Seulement, il ne peut pas s’agir d’un jeu parce que les agneaux meurent. Je n’ai que treize ans, et mon père, ainsi qu’un tas d’autres gens plus âgés que moi, veulent que je fasse quelque chose. Et je ne peux pas. L’hiverrier m’a retrouvée. Il est maintenant ici, et je suis trop faible.

Ce serait plus facile s’ils me brutalisaient, mais non, ils me supplient. Mon père a la figure grise d’inquiétude et il me supplie. Mon père me supplie.

Oh non, il ôte son chapeau. Il ôte son chapeau pour me parler !

Ils s’imaginent que la magie vient toute seule dès que je claque des doigts.

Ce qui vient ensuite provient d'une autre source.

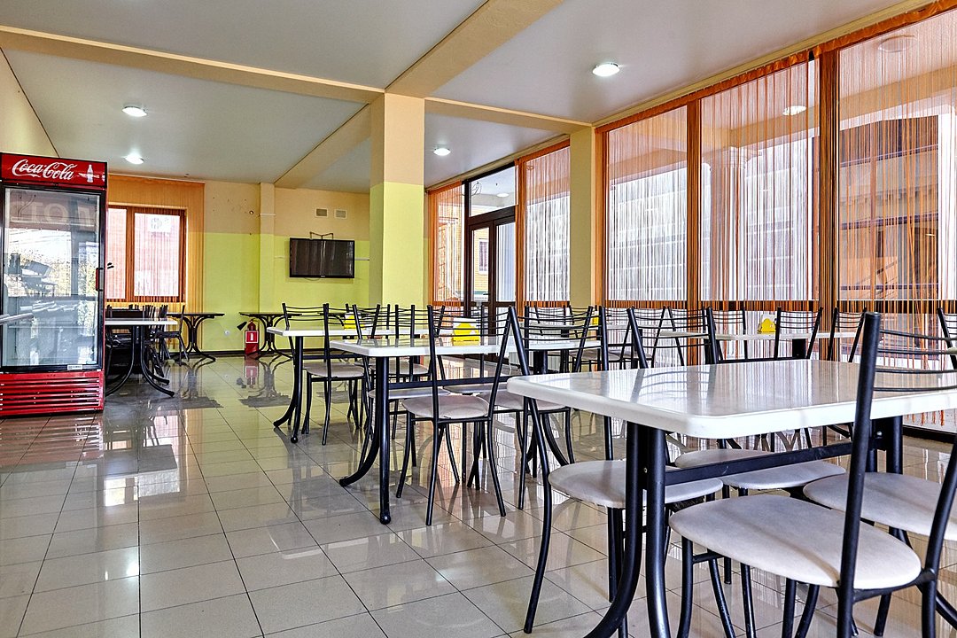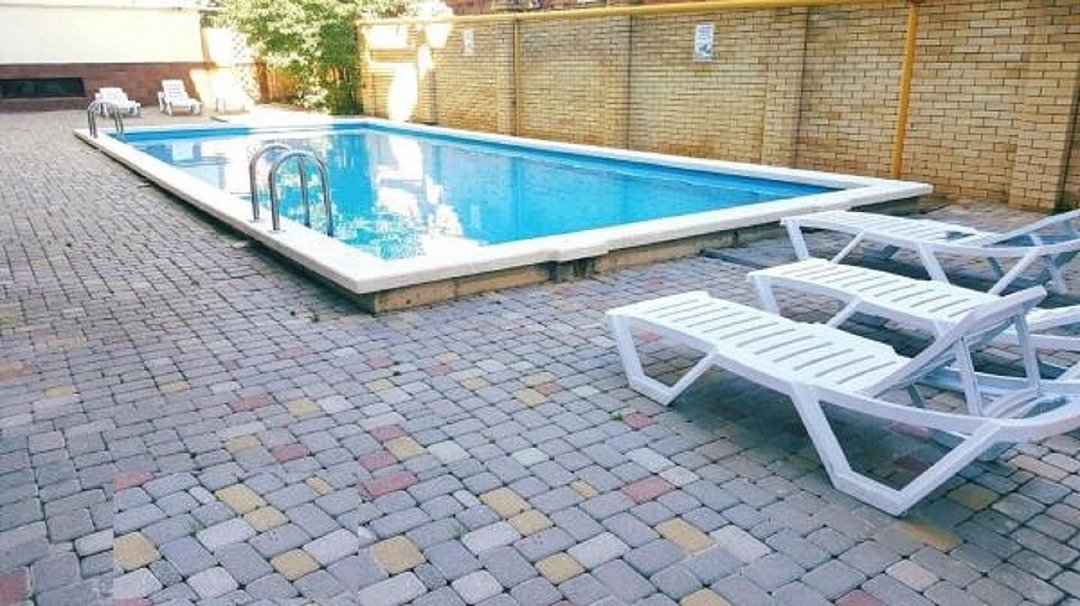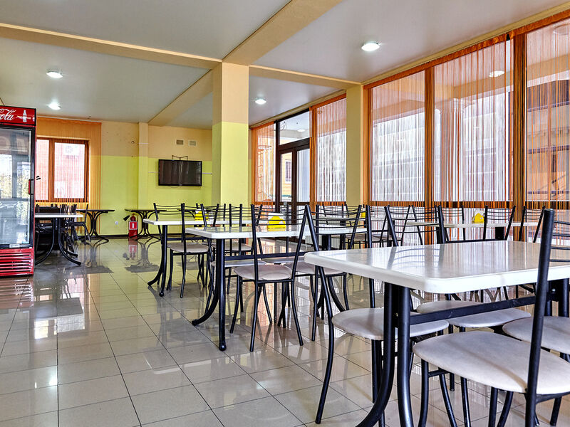 Здание гостиницы состоит из четырех этажей. Стоянка и двор всегда под видеонаблюдением для безопасности постояльцев. На территории есть двор с бассейном открытого типа и площадка для детских игр. В уютной столовой можно отведать отменные блюда.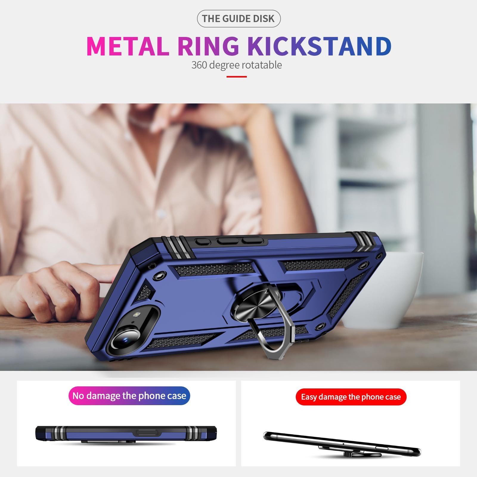 For iPhone 16e Shockproof TPU Hybrid PC Phone Case with Holder(Blue)

Mais si je ne fais pas ça pour eux maintenant, à quoi je sers ? Je ne peux pas leur montrer que j’ai peur. Les sorcières n’ont pas le droit d’avoir peur.

Et c’est ma faute. C’est moi qui ai tout déclenché. C’est à moi d’y mettre un terme.

Monsieur Patraque s’éclaircit la gorge.

«… Et… euh… est-ce que tu pourrais pas… euh… le chasser par magie, euh… ou autrement ? Pour nous ? »

Tout dans la ferme était gris, parce que la lumière des fenêtres filtrait à travers la neige. Aucun villageois n’avait perdu son temps à dégager les maisons de l’horrible élément. On avait besoin ailleurs de tous ceux en mesure de tenir une pelle, et leur nombre était encore insuffisant. Pour tout dire, la plupart étaient restés debout toute la nuit à faire marcher les troupeaux de jeunes chevaux, à tâcher de préserver les jeunes agneaux… dans le noir, dans la neige…

Sa neige à elle. C’était un message pour elle. Un défi. Une sommation.

« D’accord, dit-elle. Je vais voir ce que je peux faire.

— T’es une bonne fille », fit son père avec un grand sourire de soulagement.